"Would you like a little more?" asked Gertrude, smiling.
Ettie shivered, and closed her eyes.
"No; I don't like it. I guess it ain't polite to say so, but—Oh, of course maybe I'd like it if I was well, but it made me sick that time, an' so I don't like it now when I am sick." She laughed in a childish way, and then she drew Gertrude's face down near her own. "Say, I'll tell you the solemn truth. It made me tight that day. He told me so afterwards, n' I guess it did."
Here was a revelation, indeed. Gertrude stroked the fluffy hair, gently. She was trying to think of just the right thing to say. It was growing dark in the room. Ettie reached up again and drew Gertrude's face down. "Say," she whispered, "you won't be mad at me for that, will you? He told me I wasn't to blab to anybody; but it always seems as if you wouldn't be mad at me, and"—she began to weep again.
"Don't cry," said Gertrude, again, gently. "Of course I am not angry with you. I am sorry it happened, but—Ettie, who is he?" Ettie sobbed on, and held her arms close about Gertrude's neck. Again the older girl said, with lips close to the child's ear:
"Don't you think it would be better to tell me who 'he' is? Is he so young as to not know better than to advise you that way, dear?"
"He's forty," sobbed Ettie, "an' he's rich, an' he's got a girl of his own as big as me. I saw her one day in the store. He's the cashier."
Gertrude shivered, and the child felt the movement.
"Don't you ever, ever tell," she panted, "or he'll kill me—and so would pa."

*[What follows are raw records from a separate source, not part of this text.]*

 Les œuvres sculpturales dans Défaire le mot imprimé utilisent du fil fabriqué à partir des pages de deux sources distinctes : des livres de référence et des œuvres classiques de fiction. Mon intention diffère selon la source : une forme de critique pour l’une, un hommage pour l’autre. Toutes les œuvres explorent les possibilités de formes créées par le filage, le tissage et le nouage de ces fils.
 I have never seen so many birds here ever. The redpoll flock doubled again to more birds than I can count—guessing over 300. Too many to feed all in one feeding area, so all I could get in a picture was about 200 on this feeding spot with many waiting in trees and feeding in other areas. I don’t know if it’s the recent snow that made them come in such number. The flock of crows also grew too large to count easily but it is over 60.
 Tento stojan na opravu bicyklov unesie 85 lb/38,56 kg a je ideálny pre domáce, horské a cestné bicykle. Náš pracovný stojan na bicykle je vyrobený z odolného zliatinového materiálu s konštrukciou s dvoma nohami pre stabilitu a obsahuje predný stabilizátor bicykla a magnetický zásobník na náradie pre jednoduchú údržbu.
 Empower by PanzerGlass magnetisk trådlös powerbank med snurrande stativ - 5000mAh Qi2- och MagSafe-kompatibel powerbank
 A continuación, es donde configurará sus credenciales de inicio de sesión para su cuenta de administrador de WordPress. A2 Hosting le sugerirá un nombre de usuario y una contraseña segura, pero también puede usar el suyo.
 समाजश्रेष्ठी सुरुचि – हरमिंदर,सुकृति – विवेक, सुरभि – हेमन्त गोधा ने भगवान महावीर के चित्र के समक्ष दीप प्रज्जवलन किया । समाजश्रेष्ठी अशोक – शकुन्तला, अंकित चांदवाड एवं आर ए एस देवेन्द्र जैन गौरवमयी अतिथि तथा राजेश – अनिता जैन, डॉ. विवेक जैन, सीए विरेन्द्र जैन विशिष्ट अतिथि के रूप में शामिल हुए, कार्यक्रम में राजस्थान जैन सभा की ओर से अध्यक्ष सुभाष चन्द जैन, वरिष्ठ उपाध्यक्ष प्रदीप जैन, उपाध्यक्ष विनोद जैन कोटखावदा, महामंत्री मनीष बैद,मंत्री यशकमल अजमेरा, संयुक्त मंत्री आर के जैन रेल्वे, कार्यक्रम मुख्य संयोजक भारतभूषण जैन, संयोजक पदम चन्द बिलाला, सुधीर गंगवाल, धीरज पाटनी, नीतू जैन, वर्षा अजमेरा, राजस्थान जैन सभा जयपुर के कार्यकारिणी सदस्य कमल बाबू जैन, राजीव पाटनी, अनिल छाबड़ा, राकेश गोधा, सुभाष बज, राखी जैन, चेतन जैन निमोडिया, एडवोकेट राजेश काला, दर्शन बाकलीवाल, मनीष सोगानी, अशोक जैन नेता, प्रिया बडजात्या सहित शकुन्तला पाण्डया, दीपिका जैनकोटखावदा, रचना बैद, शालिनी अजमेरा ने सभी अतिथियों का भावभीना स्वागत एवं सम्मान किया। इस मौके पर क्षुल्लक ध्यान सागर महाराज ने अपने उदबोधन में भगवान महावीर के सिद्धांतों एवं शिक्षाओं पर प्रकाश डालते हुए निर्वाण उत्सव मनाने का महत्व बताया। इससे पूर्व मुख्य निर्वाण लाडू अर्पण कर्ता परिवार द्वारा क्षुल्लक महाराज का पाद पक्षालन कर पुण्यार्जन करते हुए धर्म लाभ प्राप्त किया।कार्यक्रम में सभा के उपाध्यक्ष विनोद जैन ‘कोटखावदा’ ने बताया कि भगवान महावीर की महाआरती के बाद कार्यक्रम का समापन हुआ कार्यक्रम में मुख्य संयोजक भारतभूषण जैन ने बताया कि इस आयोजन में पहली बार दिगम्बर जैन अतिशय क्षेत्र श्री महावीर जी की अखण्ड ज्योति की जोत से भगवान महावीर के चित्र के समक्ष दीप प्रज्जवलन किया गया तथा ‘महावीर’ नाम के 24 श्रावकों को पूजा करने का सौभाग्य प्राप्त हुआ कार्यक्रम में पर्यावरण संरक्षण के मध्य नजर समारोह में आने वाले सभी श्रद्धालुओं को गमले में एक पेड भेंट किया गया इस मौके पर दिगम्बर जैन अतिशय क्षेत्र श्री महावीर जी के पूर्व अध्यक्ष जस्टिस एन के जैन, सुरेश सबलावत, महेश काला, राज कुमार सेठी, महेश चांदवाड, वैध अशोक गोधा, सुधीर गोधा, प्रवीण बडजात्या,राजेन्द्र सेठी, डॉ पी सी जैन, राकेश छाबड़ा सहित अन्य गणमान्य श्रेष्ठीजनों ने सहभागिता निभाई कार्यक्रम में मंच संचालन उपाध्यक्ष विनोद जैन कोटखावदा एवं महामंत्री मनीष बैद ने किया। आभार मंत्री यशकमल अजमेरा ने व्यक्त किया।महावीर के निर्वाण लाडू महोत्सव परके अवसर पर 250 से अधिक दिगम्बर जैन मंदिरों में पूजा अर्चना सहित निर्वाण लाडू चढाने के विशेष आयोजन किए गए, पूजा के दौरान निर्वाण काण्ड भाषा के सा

"Oh, he would, would he?" exclaimed Francis, who had stolen silently into the room and had stood unobserved in the darkness. "The cashier! the mean devil! I always hated his beady eyes, and he tried his games on me! But I'll kill him before he shall go—do you any real harm, Ettie! I will! I will! Why didn't you tell me? I watched for a while and then I thought—I thought he had given it up. Oh, Ettie, Ettie!" The tall form of the girl seemed to rise even higher in the darkness, and one could feel the fire of her great eyes. Her hands were clenched and her muscles tense.